A mecânica dos tecidos pode ser estudada diretamente in vivo com a disponibilidade de novas ferramentas9, no entanto, para obter uma imagem completa subjacente aos processos físicos, as propriedades intrínsecas do material dos tecidos precisam ser estudadas simultaneamente. O protocolo descrito aqui fornece uma abordagem simples para preparar somitos únicos, cujas propriedades físicas das escalas celulares e teciduais podem ser estudadas isoladamente do embrião. Embora existam vários protocolos para preparar explantes em estágios de desenvolvimento semelhantes 10,11,12,13,14, até onde sabemos, este é o primeiro protocolo que descreve o isolamento de somites únicos. O protocolo é simples de implementar e requer apenas equipamentos básicos disponíveis na maioria dos laboratórios de peixe-zebra que trabalham com embriões.

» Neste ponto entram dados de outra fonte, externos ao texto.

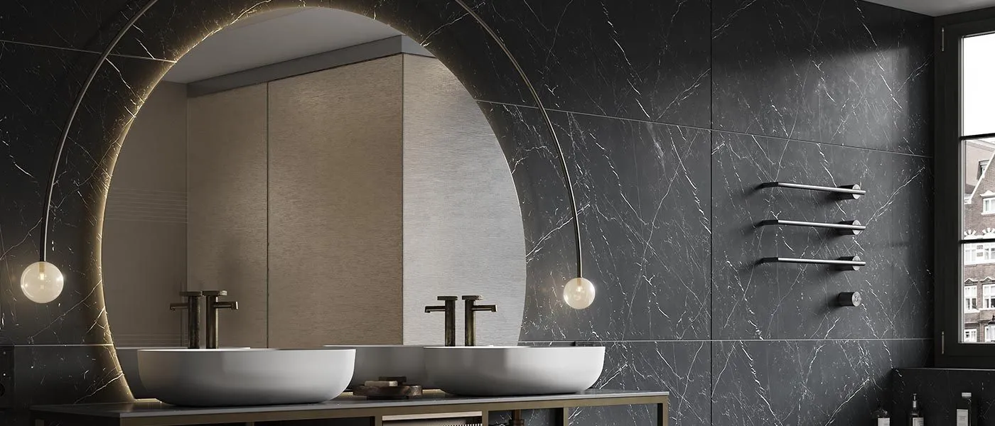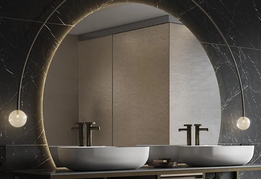 Это простые тонкие зеркала полукруглой формы, подходящие для горизонтальной или вертикальной установки. Эти зеркала, также доступные со светодиодной подсветкой, отличаются своей универсальностью: версия MIRR HALF MOON может одним движением украсить неиспользуемый уголок, в то время как версия MIRR MOON особенно подходит для придания стильности и элегантности нашей мебели или столешницам для умывальников, изящно расположенным на верхних столешницах.

Para ajudar a desvendar o papel da mecânica na formação morfológica de somitos, um método é desenvolvido para cultivar explante de somitos únicos a partir de embriões de peixe-zebra, que pode ser usado para sondar as propriedades intrínsecas do material dos somitos.

Protocolo

Este protocolo envolve o uso de embriões de vertebrados vivos com menos de 1 dia após a fertilização. Todos os experimentos foram realizados usando embriões derivados de adultos que acasalaram livremente e, portanto, estão cobertos pela licença geral de experimentos com animais da EPFL concedida pelo Service de la Consommation et des Affaires Vétérinaires do cantão de Vaud - Suíça (número de autorização VD-H23).

1. Antes da dissecação

  1. Obtenha embriões de um cruzamento de linhagens transgênicas heterozigóticas de interesse. Para explantar dois a três somitos, normalmente são necessários apenas alguns embriões. Neste protocolo, um embrião foi utilizado para explante de um somito.
  2. Prepare 1x tampão E3 de dois estoques 50x: o estoque 1 contém 0,458 mM Na2HPO4, 0,042 mM KH2PO4, 4,084 mM NaCl, 0,128 mM KCl e o estoque 2 contém 0,33 mM CaCl2, 0,33 mM MgSO4. Prepare 500 mL de 1x tampão E3 misturando 480 mL de água destilada com 10 mL cada um dos dois estoques 50x.
  3. Se dissecar no mesmo dia, levantar embriões em 25 mL de meio E3 em uma placa de Petri a 33 ° C até o estágio de três somitos. Se dissecar na manhã seguinte, criar embriões em meio E3 a 28 ° C até o estágio de escudo antes de transferir para 19 ° C para incubação durante a noite.
  4. Para identificar o estágio de blindagem ou os diferentes estágios de somito, use um estereomicroscópio de laboratório padrão com uma faixa de ampliação ajustável de aproximadamente 0,67x a 4,5x.
  5. Montar ferramentas e reagentes necessários para a dissecação.
    1. Meio L-15 da Alíquota Leibovitz em tubos de 50 mL e guardar na geladeira. Recomendamos usar a mesma alíquota da geladeira por no máximo duas rodadas.
    2. Preparar 50 ml de agarose a 2% em meio L-15 com um agitador magnético e manter a temperatura a 85 °C. Depois de dissolvida, armazene a solução em temperatura ambiente.
    3. Preparar 25 ml de agarose a 2% de baixo ponto de fusão em meio L-15 utilizando um agitador magnético e mantendo a temperatura a 85 °C. Uma vez dissolvido, alíquota da solução em tubos de 1,5 ml e conservar a 4 °C. Isso será usado para preparar a câmara de imagem.
    4. Despeje a agarose a 2% derretida em uma placa de Petri de 20 mm até que um terço da profundidade da placa seja preenchida e deixe a solução de agarose solidificar. As dissecções serão realizadas nessas placas de Petri. Preparar as placas de Petri com cobertura de agarose com bastante antecedência e conservar a 4 °C.
    5. Monte as seguintes ferramentas: pipeta Pasteur para transferência de embriões, um par de pinças para descorionar embriões, um par de pinças finas para remoção de pele de embriões, uma micro faca para fazer incisões em embriões, pipeta de vidro polido a fogo para transferir explantes para a câmara de imagem.
    6. Esterilize a pipeta de vidro em etanol 100% por 15 min e enxágue duas vezes pipetando 5 mL de meio L-15 para cima e para baixo.
    7. Prepare uma ferramenta de cílios colando um cílio ou cabelo da sobrancelha em um capilar de vidro.
  6. Use um estereoscópio fluorescente com uma faixa de ampliação ajustável de aproximadamente 0,63x a 6,3x e filtros GFP e RFP padrão para classificar embriões transgênicos positivos e transferir para uma placa de Petri separada com meio E3.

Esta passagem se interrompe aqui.